Но до того, как выйти из дома с привычно натянутым на глаза кепи и поднятым воротом пальто, он тем не менее почувствовал мимолетное желание взглянуть на себя. Бывало, Каро грезилось, что если разбить зеркало, можно наконец избавиться от себя самого. Увы, мгновенно зарождалась отрезвляющая мысль о том, что его самого нет в этом зеркале, нет...

«— Что за ноша! Нет мне избавления от этого «я».

— Избавления?

— Ну да, да, избавления. Я же разбил отражение, чтобы навсегда закрыть глаза.

— Навсегда? Смешно звучит. Избавления не будет, есть лишь продолжение.

— Зачем оно?

— Ради бесконечного совершенствования.

— Глупость! Иллюзия! Вечность и совершенствование несовместимы. Совершенство окончательно. Мне не нужно ни того, ни другого, я мечтаю лишь об избавлении, неужели я лишен права даже на это?

— Тебе не принадлежит ничего.

— Ловушка какая-то. Водят за нос, не объясняют ни черта.

— Тайна.

— Которая никогда не станет явью?

— И это — тайна.

— Плевал я...

— Плюй не плюй, все равно не доплюешь...»

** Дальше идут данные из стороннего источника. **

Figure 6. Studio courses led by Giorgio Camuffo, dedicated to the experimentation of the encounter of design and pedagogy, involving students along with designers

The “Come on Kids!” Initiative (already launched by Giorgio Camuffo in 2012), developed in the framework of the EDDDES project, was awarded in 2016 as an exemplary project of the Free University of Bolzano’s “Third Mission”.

У газетного киоска Каро очнулся от бредового диалога и пристроился в хвосте очереди. Очнулся он скорее не от столкновения с киоском, а от того, что диалог зашел в тупик: эти внутренние диалоги вечно заходят в тупик, проклятые диалоги о проклятых проблемах. Тупик неизбежен уже потому, что диалог неизменно происходит с самим собой.

Он смотрел на невыспавшихся, не успевших позавтракать людей с блестящими от информационного голода глазами и думал: «Чего они ждут, зачем? Ждут всегда, тысячелетиями, ждут от небес, ждут от недр, ждут от света, от тьмы, океана, леса, ждут от пророков, друг от друга, от политиков, от газет... Неужто не устали?! Тысячелетиями стоят под высохшим деревом и все равно лелеют надежду на то, что безжизненные ветви вот-вот дадут плоды.

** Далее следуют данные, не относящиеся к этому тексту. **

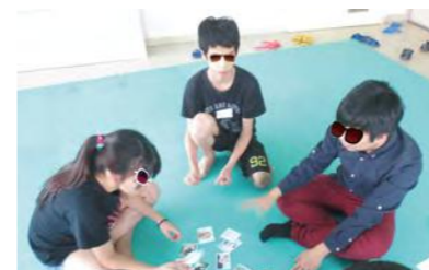
玩桌遊囉 - 暖身說明

心棧家園日前也使用桌遊為國中生舉辦一系列情緒輔導團體，讓國中生能從玩桌遊的過程中檢視自己曾出現的情緒，並思考討論如何進行調適，達到能在遊戲中學習和平相處目標。
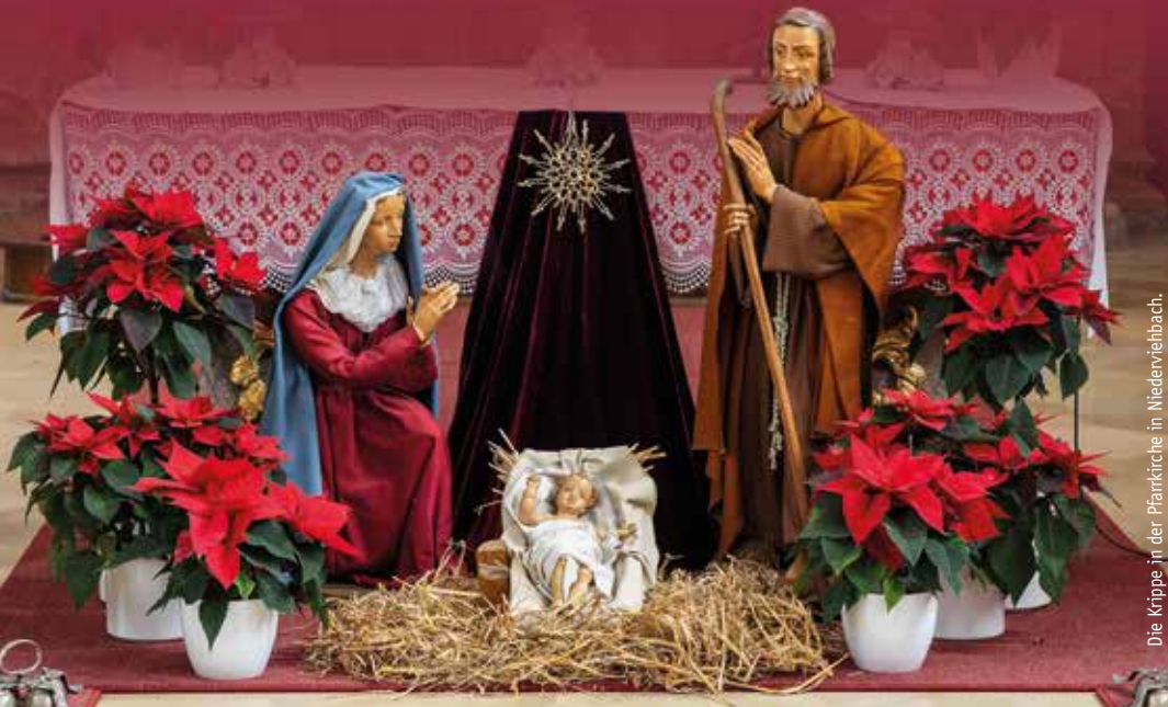
Die Krippe in der Pfarrkirche in Niederviehbach.
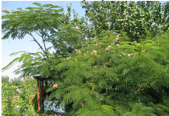
Рис. 4. Albizia julibrissin Durazz. – Альбіція ленкоранська.

Albizia julibrissin Durazz. – Альбіція ленкоранська. Підмерзає кожної зими, дуже підмерзла взимку 2005 р., але поновлюється і утворює багато квітів.
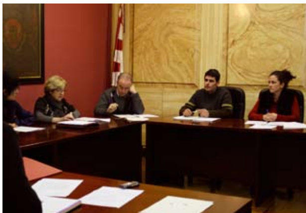
Gobernu Taldeak zaborrak kudeatzeko hainbat sistema aztertu nahi ditu.

Zaborren kudeaketari buruzko lau puntuko mozioa, EAJk eta PSE-EEk elkarrekin aurkeztutakoa ere onartu egin zuten. Bi alderdiek bosgarren edukiontzia aldeko jarrera argia agertu zuten. Jeltzaleek atez-ateko sistema "askoz ere garestiagoa" dela esan zuten. Sozialistek ere kontrako jarrera azladu duten, atez-atekoa "zikina" eta "kutsakorragoa" dela eta hainbat elikagairen kontsumoa mugatzen duela. Gobernu Taldeak erantzun zuen ezin dela esan garestiagoa izango denik azterketa bat egin gabe eta bere helburua zaborra kudeatzeko beste aukera batzuk aztertzea dela. Bilduk Kutxabanken gainean aurkeztutako mozioa onartu egin zen, sozialistek eta gobernu taldeak alde bozkatu zuten. EAJk kontra bozkatu zuen udaletik gaineko gaia dela argudiatuz.
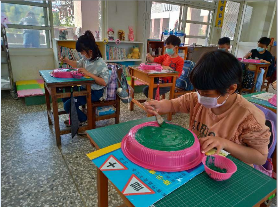
照片十：創意獅頭面具——用壓克力水彩在塑膠圓盤上塗上底色，等候乾燥。
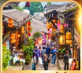
หมู่บ้านโบราณฉือซื่อ
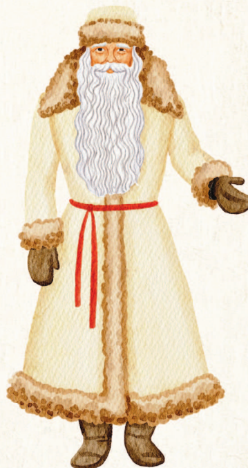
Чечня. Гор Дада
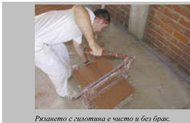
Рязането с гилотина е чисто и без брак.

С използването на специално създадената за рязане на тухли голям формат гилотина на строителната площадка остава минимално количество строителен отпадък. Така имаме един значително по-чист и безопасен обект.
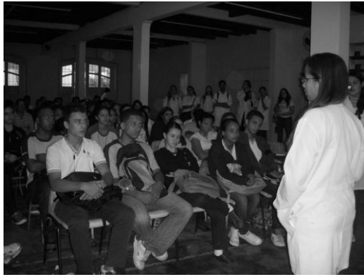
Imagem 2 - Acadêmica do 3º período de Enfermagem atenta à pergunta que esta sendo feita pelo aluno do 3º ano do Ensino Médio
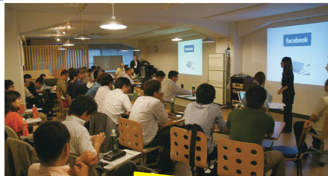
前回のfacebook講座の様子

facebookページを立ち上げたものの、ビジネスになかなか繋がらない。そんな方に各業界のfacebook成功者の実体験を聞きながら、ビジネスへの活用方法について、方向性とヒントをお伝えしたいと思います。
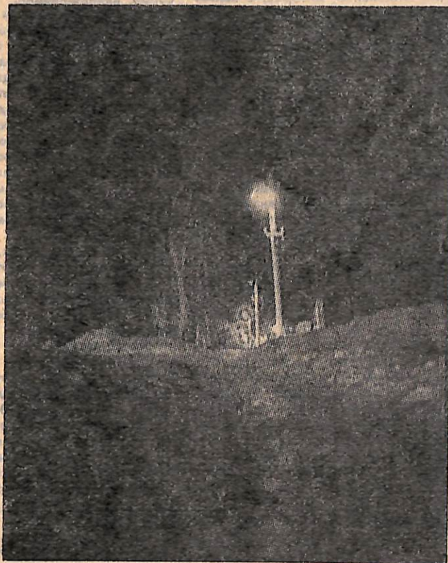
«Зимний вечер».
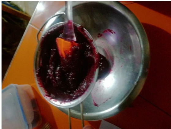
PASAMOS POR UN COLADOR
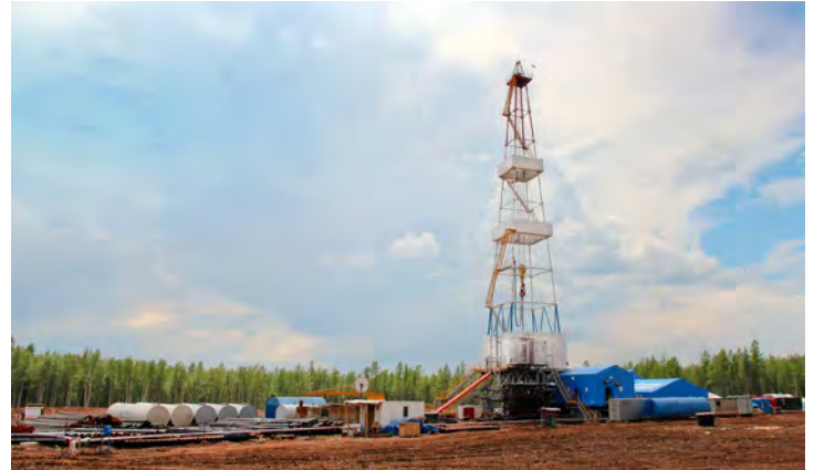
На Ковыктинском месторождении

На Чайядинском месторождении, которое должно обеспечить базу для поставок газа в Китай на первом этапе, завер-
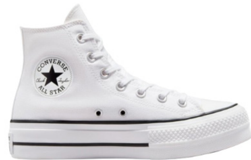
Plateforme liseré noir
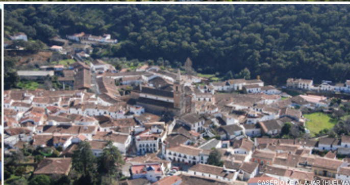
CASERÍO DE ALÁJAR (HUELVA)
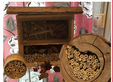
Biholkar tillverkade av studiecirkeln

en nybakad kaka. Någon tittar till den picklade rödlöken som lyser starkt rosa i sin burk. I kväll blir det fest med rosa tema. Till det rosa potatismoset med lax serveras naturligtvis rosévin och därefter blir det musikunderhållning, kaffe och rödbetskaka. Klädsel: valfri, med minst en rosa detalj.
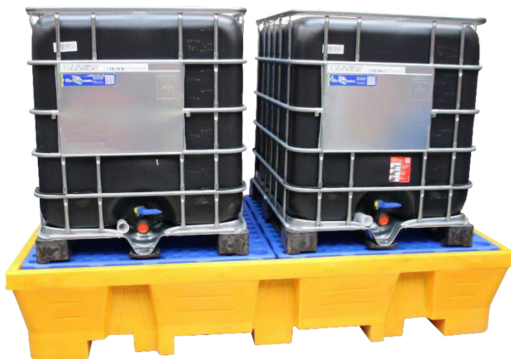
845 006 625 2 transicuves / 8 fûts

Но почему жду я, я-то чего жду?»

— Ждем, дорогой, скоро отцом стану. Кто бы мог подумать! — услышал Каро за спиной.

— Правда? Рад, рад за тебя, — откликнулся собеседник.

«Ну что ты здесь торчишь, что ты каждое утро пристаешь к этой очереди? Или тебе, дураку, кажется, что в один прекрасный день ты развернешь газету, а там все-все расписано? Идиот!» — обругал себя Каро и резко, словно боясь передумать, вышел из очереди.

В конторе царило суетливое, отдающее людьми, тоскливое тепло. Так, во всяком случае, казалось в первые минуты. Спустя некоторое время начинаешь чувствовать, что здесь не тепло, здесь царит холод — суетливый, отдающий людьми, тоскливый.

Не успел Каро снять пальто, как сослуживец отметил:

— А вот и Каро. Даже газет не купил, хоть и опоздал на целых десять минут.

Холодный, бесстрастный голос — ни удивления, ни иронии, ни намека, ни злобности, никакого чувства вообще, просто констатация факта. Прибудь Каро верхом на коне, тот же лишенный интонации голос зафиксировал бы: «А вот и Каро. Сегодня он прибыл верхом».

Сев за стол, Каро потер ладонями замерзшее лицо, бросил взгляд на бумаги и, пытаясь сосредоточиться, стал листать их. Мысли витали слишком далеко и никак не соглашались собраться, словно взрывом разнесло сознание, осколки которого разлетелись по лабиринту воспоминаний, ассоциаций, забот, и каждый осколок тащил с собой что-нибудь, убежденный в том, что именно его ноша в состоянии распутать клубок. Мозг напрасно наполнялся негодованием, в котором так же трудно было разобраться, как и в лежащих на столе бумагах, нанесенных на них словах и цифрах. Служебная атмосфера не давала сконцентрироваться мыслям, которые, в свою очередь, мешали работе.

Наконец, улучив миг, Каро тихонько выскользнул из комнаты. Стараясь неслышно ступать по скрипучему паркету, он достиг конца коридора и толкнул ту из двух дверей, черное изображение на которой символизировало мужчину. Нужда не подгоняла его и, тем не менее, перед тем, как устроиться на унитазе, Каро спустил мгновенно сморщившиеся под костлявыми коленями брюки, и кончик потрескавшегося кожаного ремня заскреб по мокрому, в желтых бликах полу.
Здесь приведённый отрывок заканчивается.